OPINION: Bigotry I face as HET ambassador

One of the guest editors for our commemorative edition on Holocaust Memorial Day, Jaya Pathak, reflects on the discrimination she faces and why it inspires her to fight hate

Jaya Pathak

Surely we don’t need another charity for Holocaust education? It’s been years and I’m sure it was just another Jewish exaggeration…”

A group sitting opposite me on the bus stared at my T-shirt, which bore the Holocaust Educational Trust (HET) logo. I was immediately taken aback and my stomach dropped. I felt a mixture of confusion, sadness and anger – how is this happening in the 21st century? This is why I do what I do, I thought to myself. Remembering everything I knew and had learnt so far as a Regional Ambassador, I decided to challenge their comments. By the time I got off the bus, they had apologised to me and retracted what they said.

“Action is the only remedy to indifference,” a statement once made by Elie Wiesel, is a message essential to the core of what we do as Regional Ambassadors. However, with the responsibility of taking action comes challenges, especially in the digital age, where the increasing ease of accessibility of the internet and the difficulty of regulation makes online abuse the most prominent form that we experience, and we only have to be asked once to be able instantly to share examples of this.

One ambassador found her personal information, including her university name and work address, circulated on Twitter by a member of a Holocaust denial group she had called out on social media. On an online denial forum, a colleague found a thread set up with comments that she had “sold her soul to the Jew”; another told me about antisemitism on his university’s anonymous Facebook page. The list goes on.

It is easy to feel disheartened when we have these negative experiences, but it serves as a source of motivation for us to keep going.

How can our desire to do what we do waver when we work alongside the very people who are our inspiration – the survivors, who experienced the very worst of humanity yet who lead us in the fight against antisemitism and Holocaust denial day in and day out without giving up?

This makes us more determined to keep going, and it is with great support, including that of the team at HET, that we are able to meet those challenges. The fact that together we are resilient in our goal of continuing this important work, which is so pivotal to the shaping of our society today, while continuing to overcome the challenges that we face, is a shining torch in the darkness that is antisemitism.

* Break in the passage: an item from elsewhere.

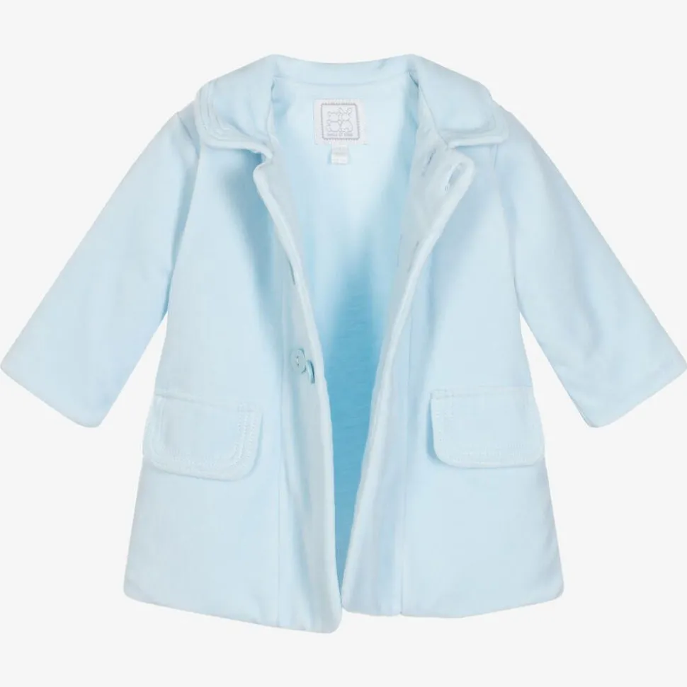 Lovely pale blue coat for baby boys by Emile et Rose, made in super soft cotton velour. It has a traditional double breasted style and faux front pockets. Lightly padded, it is lined with soft jersey for comfort.

What this persistent abuse shows us is how much work we still have to do, and it is the collective responsibility of humankind to defend the truth of the worst genocide in history.

We know exactly where prejudice and discrimination can lead to if they are left unchecked, no matter their origin, and we will not stop the work we do because, despite saying ‘never again’, it seems to be again and again. We will not back down, but continue to educate society about the Holocaust and the lessons we have learnt from it.

It is our duty to the victims of the Shoah, to the Jewish and minority communities as a whole, and we hope we can give the survivors the peace of mind to know that as long as we are here as the pioneers of the future, we commit to this promise and their history will live on.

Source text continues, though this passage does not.